1.Place beaters and a wide stainless steel vessel in the freezer for an hour. Chill the fresh cream in the fridge for 2-3 hours.
2.Bring 3 1/2 cups of milk to a gentle boil and allow to simmer till it reduces to 2 3/4 cups. You have to constantly stir so that the bottom does not burn.
3.Add the sugar and continue to stir till the sugar dissolves completely. Slowly pour the corn flour milk mixture to the simmering milk and go on stirring for 8-10 mts. The mixture will thicken. Turn off flame and completely cool the mixture. Place in fridge to chill.
4.Remove the beaters, stainless steel vessel and fresh cream from the freezer. Pour the fresh cream into the chilled stainless steel vessel and beat the mixture well for 4-5 mts. Place the beaten fresh cream in the fridge until use.
5.Beat the chilled milk mixture for 3 mins . Add the beaten fresh cream and vanilla extract to the beaten milk mixture and beat on low for a mins or use a whisk to mix.
6.Divide the mixture into two shallow aluminum containers, cover with plastic wrap and place in freezer.
7.Remove the containers from freezer after an hour and use a spoon to mix the mixture for a mt. Break any ice formation by mixing thoroughly with a spoon.
8.Place the containers in the freezer and again remove after 45 mins. Use a spoon to mix the mixture thoroughly for a min.
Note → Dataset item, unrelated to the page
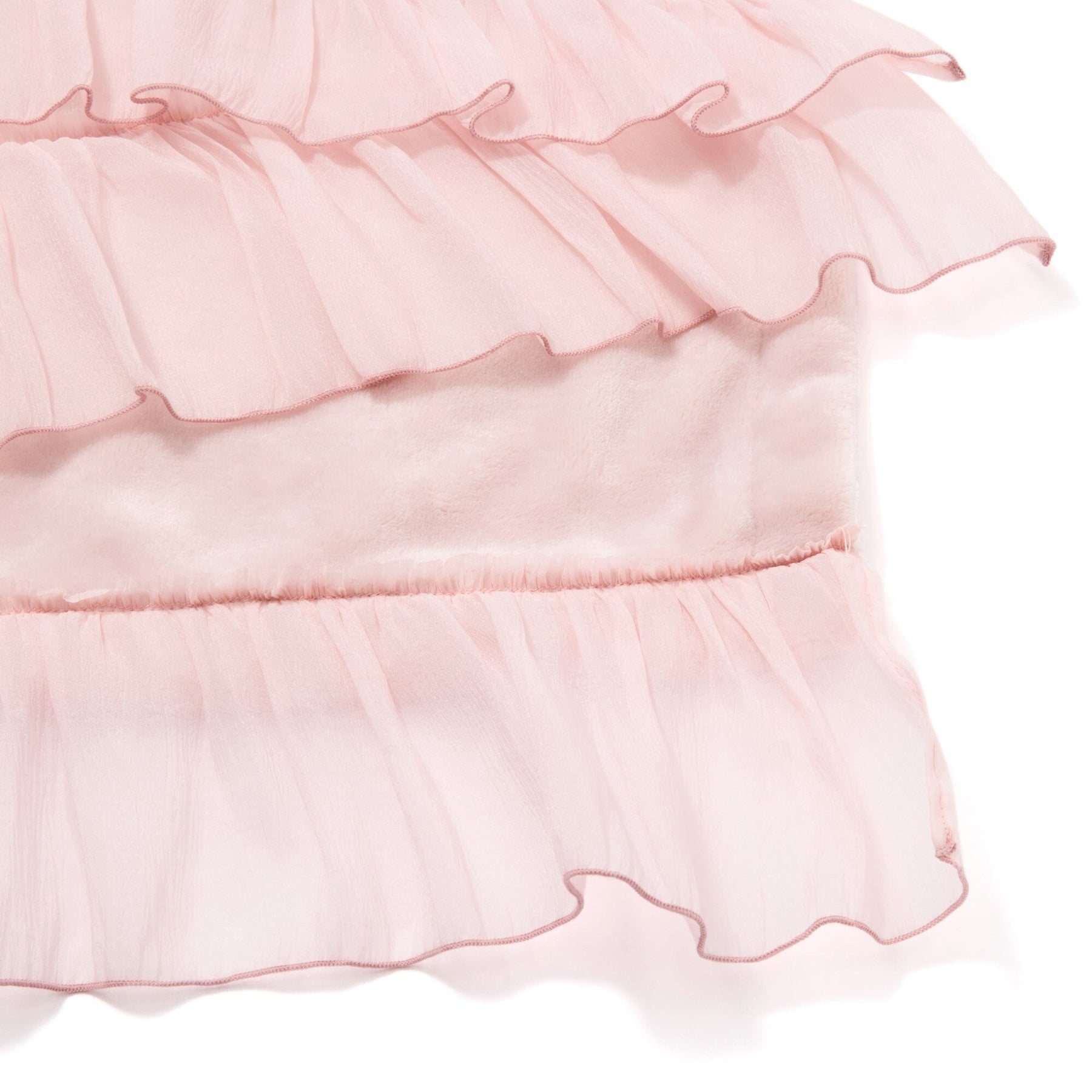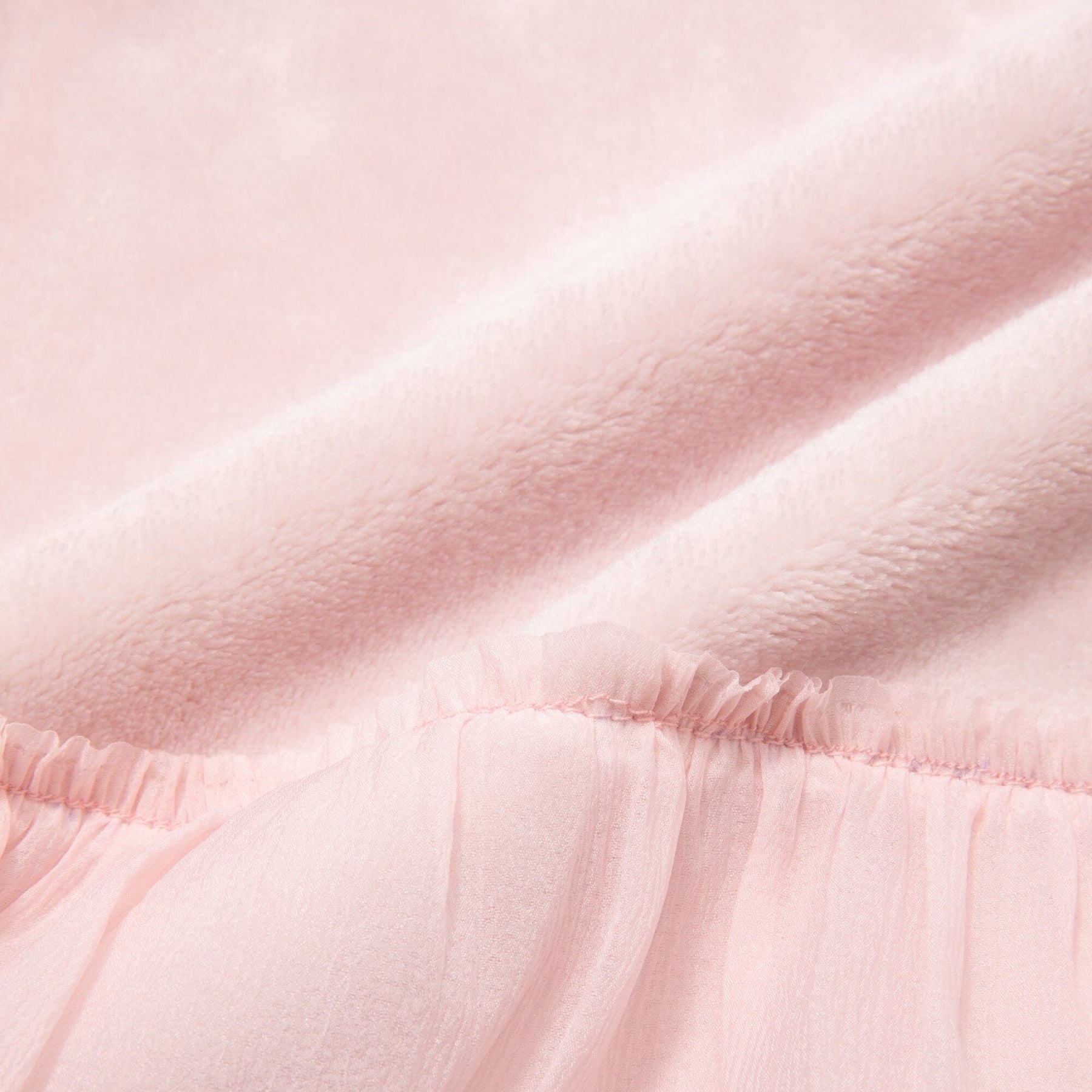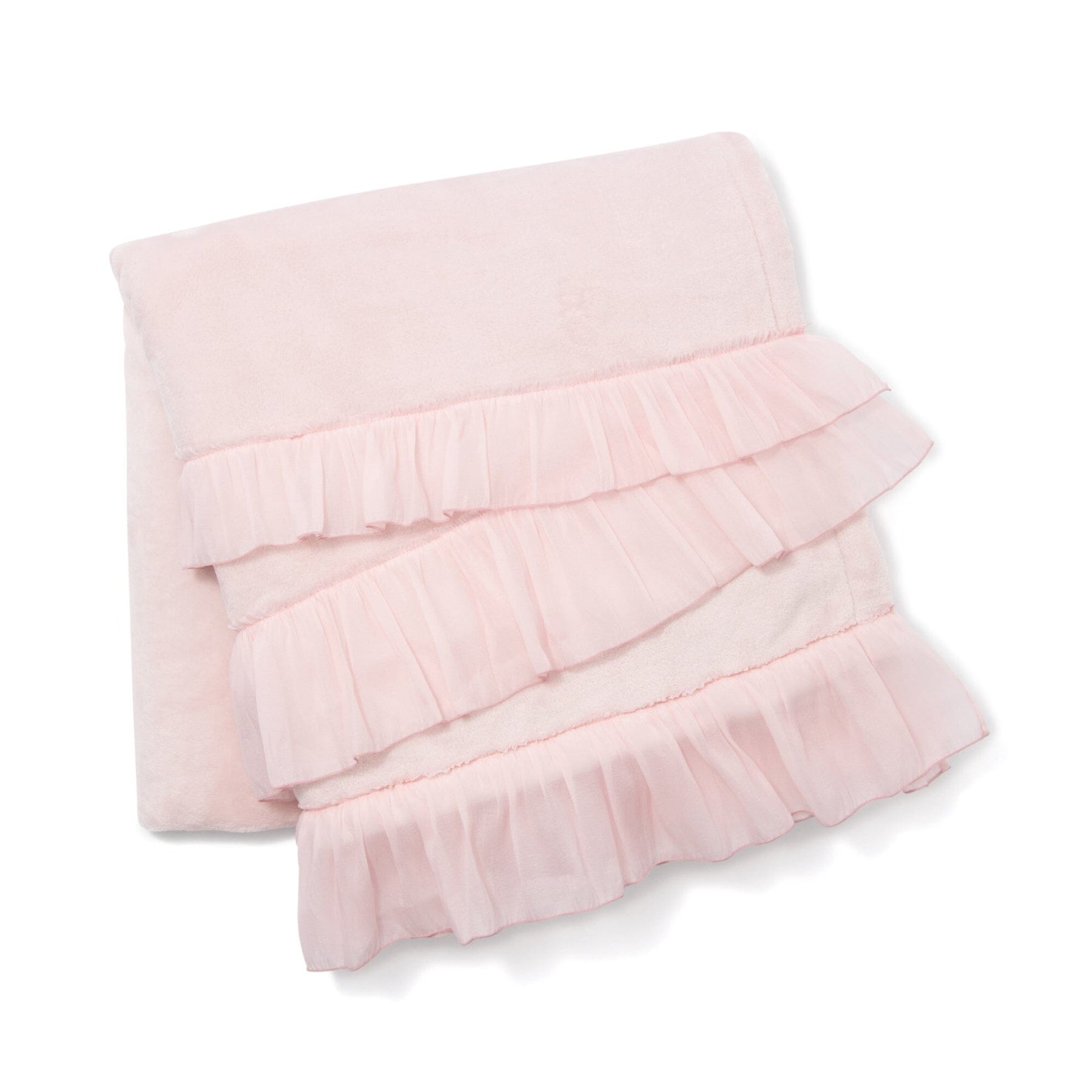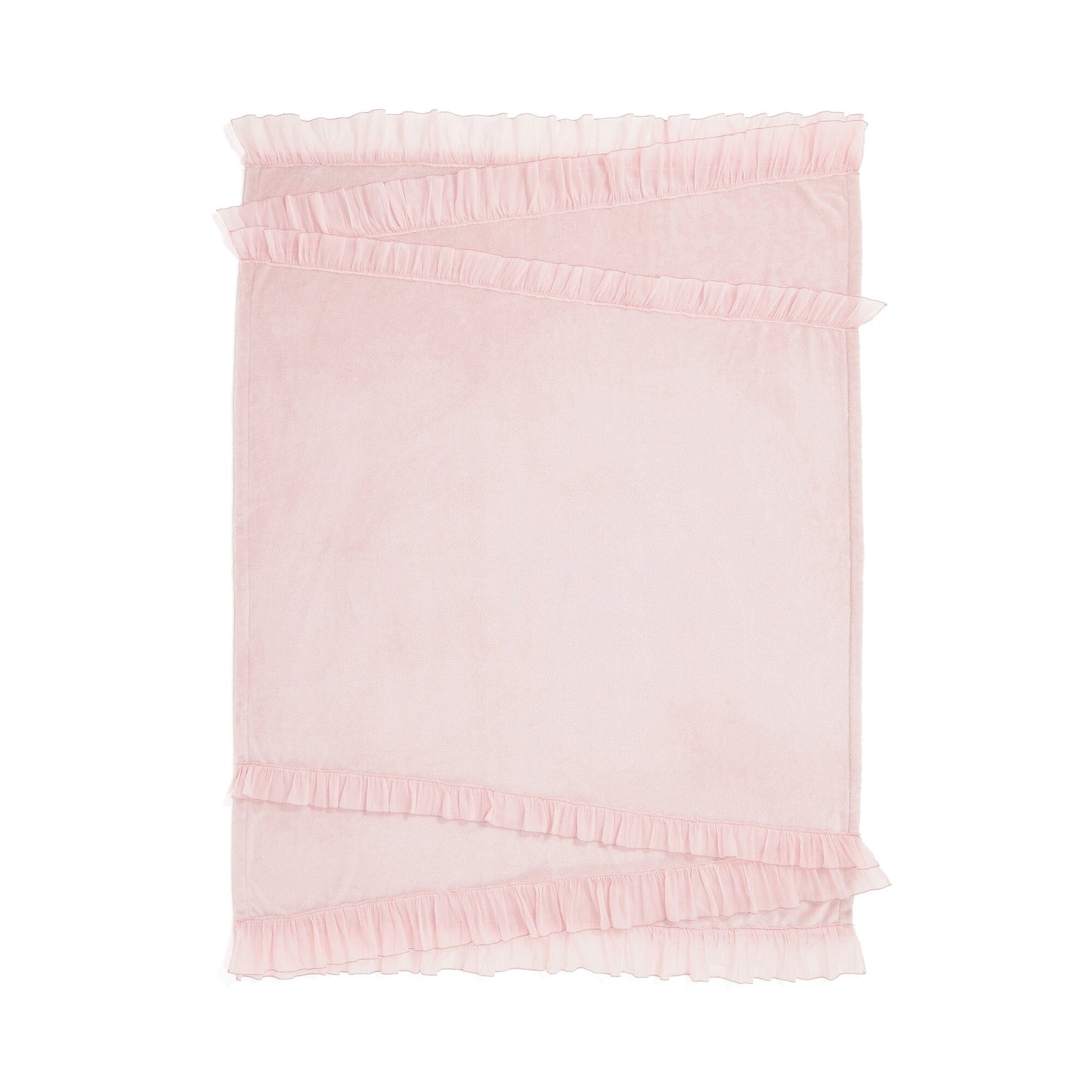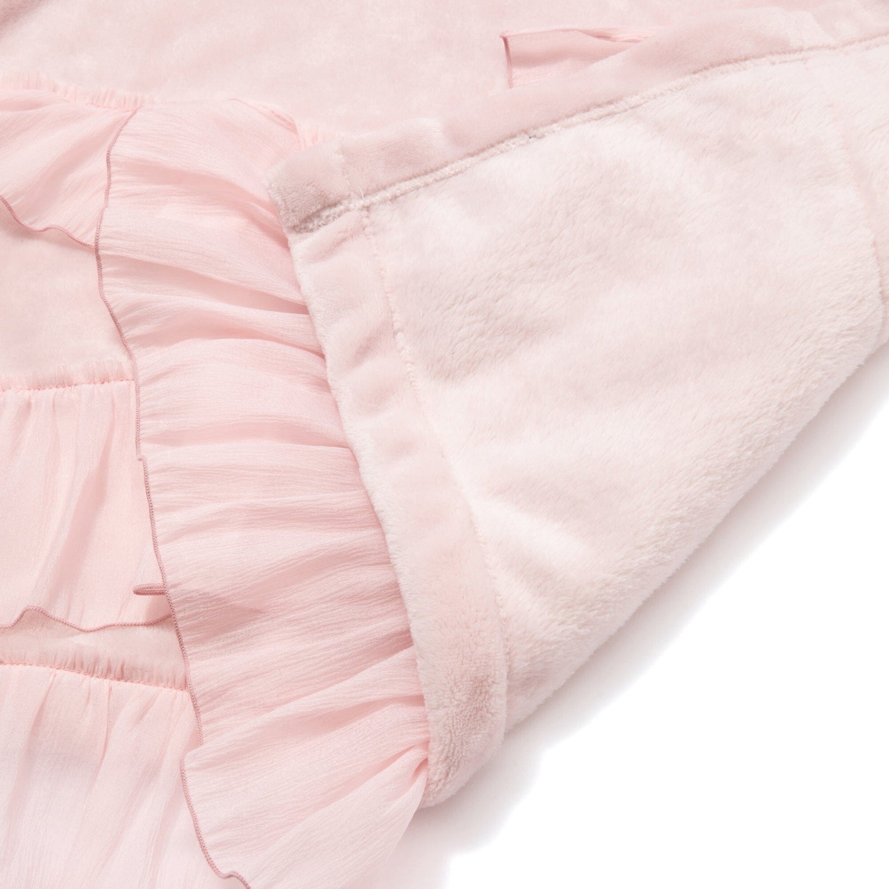 This throw (lap blanket) is made of smooth microfiber fabric with soft organza ruffles.The marshmallow-like texture is addictive once you touch it.

Continue this process two more times at 45 mins intervals.
9.Once the mixture has been mixed/agitated at least 3-4 times, again place in freeze for an hour. Remove the frozen mixture from the container to a blender and blend well to a smooth mixture.
10.Divide the blended mixture among the two containers, place lid and freeze for at least 4-6 hours.